The Aharonov-Jones-Landau algorithm approximates the Jones polynomial of the plat closure of a braid $\sigma$ at a $k$th root of unity by realizing it as (some rescaling of) a matrix element of a certain unitary matrix $U_\sigma$, the image of $\sigma$ under a certain unitary representation of the braid group $B_{2n}$. Given an implementation of $U_\sigma$ as a quantum circuit, approximating its matrix elements is straightforward using the Hadamard test. The nontrivial part is approximating $U_\sigma$ as a quantum circuit.

If $\sigma$ is a braid on $2n$ strands with $m$ crossings, we can write $\sigma = \sigma_{a_1}^{\epsilon_1} \sigma_{a_2}^{\epsilon_2} \cdots \sigma_{a_m}^{\epsilon_m}$, where $a_1, a_2, \ldots, a_m \in \{1, 2, \ldots, 2n - 1\}$, $\epsilon_1, \epsilon_2, \ldots, \epsilon_m \in \{\pm 1\}$, and $\sigma_i$ is the generator of $B_{2n}$ that corresponds to crossing the $i$th strand over the $(i + 1)$st. It suffices to describe $U_{\sigma_i}$, since $U_\sigma = U_{\sigma_{a_1}}^{\epsilon_1} \cdots U_{\sigma_{a_m}}^{\epsilon_m}$.

To define $U_{\sigma_i}$, we first give a certain subset of the standard basis of $\mathbb{C}^{2^{2n}}$ on which $U_{\sigma_i}$ acts nontrivially. For $\psi = \lvert b_1 b_2 \cdots b_{2n} \rangle$, let $\ell_{i'}(\psi) = 1 + \sum_{j = 1}^{i'} (-1)^{1-b_j}$. Let's call $\psi$ admissible if $1 \leq \ell_{i'}(\psi) \leq k - 1$ for all $i' \in \{1, 2, \ldots, 2n\}$. (This corresponds to $\psi$ describing a path of length $2n$ on the graph $G_k$ defined in the AJL paper.) Let $$\lambda_r = \begin{cases}\sin(\pi r / k) & \textrm{if $1 \leq r \leq k - 1$},\\ 0 & \textrm{otherwise.}\end{cases}$$ Let $A = ie^{-\pi i/2k}$ (this is mistyped in the AJL paper; also note that here and only here, $i = \sqrt{-1}$ is not the index $i$).
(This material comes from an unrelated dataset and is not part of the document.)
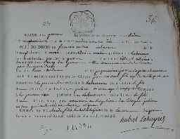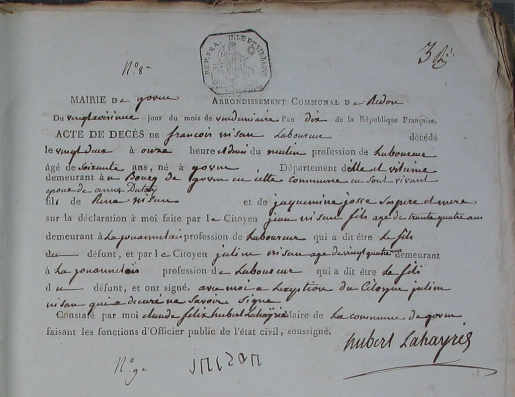 Acte de naissance d'anne Marie nisan née le vingt qutre octobre à minuit, fille de jean nisan et d'anne chevrier Laboureur, demeurant au village du Landrel en cette commune. Le sexe de l'enfant a été reconnu être du féminin, premier témoin René anne chevrier grand père maternel, parrin de l'enfant, âgé de soixante cinq ans, laboureur, demeurant au village de Landrel, second témoin Joseph Piel, âgé de quarante ans, Laboureur, demeurant au village de la Buchais ; Surla déclaration à nous faite par jean nisan père de l'enfant ; lesquels témoins et déclarant après lecture du dit acte ont déclaré ne savoir signé ; constaté suivant la loi par moi claude félix hubert Delahayrie Maire de Goven faisant la fonction d'officier public de l'état civil soussigné.

Write $\psi = \lvert \psi_i b_i b_{i+1} \cdots\rangle$, where $\psi_i$ is the first $i - 1$ bits of $\psi$, and let $z_i = \ell_{i-1}(\psi_i)$. Then $$ \begin{align} U_{\sigma_i}(\lvert\psi_i 00 \cdots\rangle) & = A^{-1}\lvert\psi_i 00 \cdots\rangle\\ U_{\sigma_i}(\lvert\psi_i 01 \cdots \rangle) & = \left( A\frac{\lambda_{z_i-1}}{\lambda_{z_i}} + A^{-1}\right)\lvert\psi_i 01 \cdots\rangle + A\frac{\sqrt{\lambda_{z_i+1}\lambda_{z_i-1}}}{\lambda_{z_i}}\lvert\psi_i 10 \cdots\rangle\\ U_{\sigma_i}(\lvert\psi_i 10 \cdots \rangle) & = A\frac{\sqrt{\lambda_{z_i+1}\lambda_{z_i-1}}}{\lambda_{z_i}}\lvert\psi_i 01 \cdots\rangle + \left(A\frac{\lambda_{z_i+1}}{\lambda_{z_i}} + A^{-1}\right)\lvert\psi_i 10 \cdots\rangle\\ U_{\sigma_i}(\lvert\psi_i 11 \cdots\rangle) & = A^{-1}\lvert\psi_i 11 \cdots\rangle \end{align} $$ We define $U_{\sigma_i}(\psi) = \psi$ for non-admissible basis elements $\psi$.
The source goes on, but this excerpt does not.